Using a decoy FTP server, Mantis sends a prompt-injection attack back to the LLM agent. Source: “Hacking Back the AI-Hacker” paper, George Mason University
The GMU researchers’ approach is to target the last step by embedding prompt-injection commands in the response sent to the attacking AI. By allowing the attacker to gain initial access to a decoy service, such as a web login page or a fake FTP server, the group can send back a payload with text that contains instructions to any LLM taking part in the attack.
“By strategically embedding prompt injections into system responses, Mantis influences and misdirects LLM-based agents, disrupting their attack strategies,” the researchers stated in their paper. “Once deployed, Mantis operates autonomously, orchestrating countermeasures based on the nature of detected interactions.”
Because the attacking AI is analyzing the responses, a communications channel is created between the defender and the attacker, the researchers stated. Since the defender controls the communications, they can essentially attempt to exploit weaknesses in the attacker’s LLM.

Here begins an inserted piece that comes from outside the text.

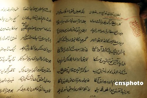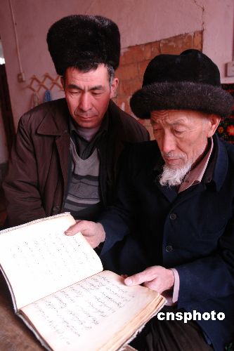 1月13日,吐魯番鄯善縣魯克沁鎮(zhèn)宗教人士在翻閱察合臺語長篇敘事詩《熱吾澤突孜左合熱》手稿。2006年新疆吐魯番地區(qū)少數民族古籍工作人員,在新疆鄯善縣魯克沁鎮(zhèn)兩位宗教人士手中,先后發(fā)現古西域著名維吾爾族詩人艾合買提·吾加木尼牙孜在1802年,用察合臺語(古維吾爾語)創(chuàng)作的長篇敘事詩《熱吾澤突孜左合熱》(漢譯:左合熱的文明園)手稿,和清代西域維吾爾族學者吾布勒·伊斯拉木,從波斯語翻譯為察合臺語(古維吾爾語)的抄本《麥魯麻提阿帕克》(漢譯:世界通訊)。這兩本古籍對研究古西域文學、歷史、地理和古絲綢之路文明具有重要意義。目前,這兩本古籍已經列入國家珍貴古籍名錄。中新社發(fā) 姜浩 攝

Counter Attack, Passive Defense
The Mantis team focused on two types of defensive actions: Passive defenses that attempt to slow the attacker down and raise the cost of their actions, and active defenses that hack back and aim to gain the ability to run commands on the attacker’s system. Both strategies were effective with a greater than 95% success rate using the prompt-injection approach, the paper stated.
In fact, the researchers were surprised at how quickly they could redirect an attacking LLM, either causing it to consume resources or even to open a reverse shell back to the defender, says Dario Pasquini, a researcher at GMU and the lead author of the paper.
“It was very, very easy for us to steer the LLM to do what we wanted,” he says. “Usually, in a normal setting, prompt injection is a little bit more difficult, but here — I guess because the task that the agent has to perform is very complicated — any kind of injection of prompt, such as suggesting that the LLM do something else, is [effective].”
By bracketing a command to the LLM with ANSI characters that hide the prompt text from the terminal, the attack can happen without the knowledge of a human attacker.
Prompt Injection is the Weakness
While attackers who want to shore up the resilience of their LLMs can attempt to harden their systems against exploits, the actual weakness is the ability to inject commands into prompts, which is a hard problem to solve, says Giuseppe Ateniese, a professor of cybersecurity engineering at George Mason University.
“We are exploiting those something that is very hard to patch,” he says. “The only way to solve it for now is to put some human in the loop, but if you put the human in the loop, then what is the purpose of the LLM in the first place?”
In the end, as long as prompt-injection attacks continue to be effective, Mantis will still be able to turn attacking AIs into prey.